Missed opportunity: The snow covered pines on top of Mt. Pocono

My drive home from Viddler HQ in Bethlehem, PA takes me over the northeastern-most tip of the Pocono Mountains – an area called Pocono Summit. During my drive home last Thursday I remarked that "The snow covered pine trees at the top of Mt. Pocono really deserve to be photographed."

I consider this an opportunity missed.

What reminded me of the fact that I missed this opportunity was a recently published entry from Henry David Thoreau’s journal, a journal I suggested that you subscribe to, about his thoughts on snow covered trees. He makes it all too clear that there is only a very small window in which you can enjoy such things.

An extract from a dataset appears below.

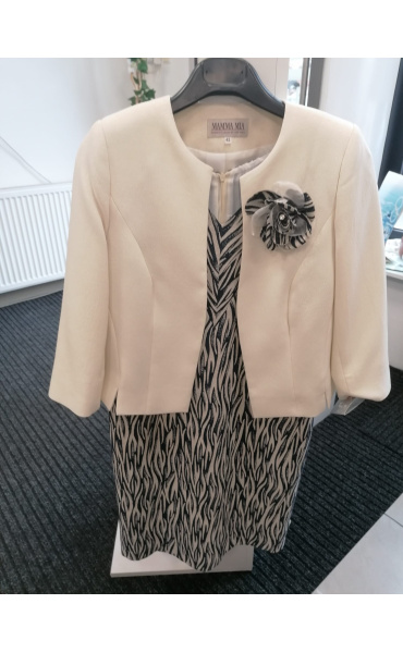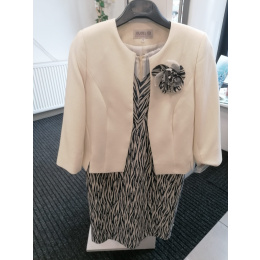 Velice elegantní společenské šaty s krátkým rukávem a  kabátkem určené pro významné rodinné a společenské události. Šaty jsou příjemné a částečně pružné , velice dobře se poddají.

"I am afraid I have not described vividly enough the aspect of that Lodging Snow of the 19th and to-day partly. Imagine the innumerable twigs and boughs of the forest (as you stand in its still midst), crossing each other at every conceivable angle on every side from the ground to thirty feet in height, with each its zigzag wall of snow four or five inches high, so innumerable at different distances one behind another that they completely close up the view like a loose-woven downy screen, into which, however, stooping and winding, you ceaselessly advance. The wintriest scene, – which perhaps can only be seen in perfection while the snow is yet falling, before wind and thaw begin. Else you miss, you lose, the delicate touch of the master. A coarse woof and warp of snowy batting, leaving no space for a bird to perch."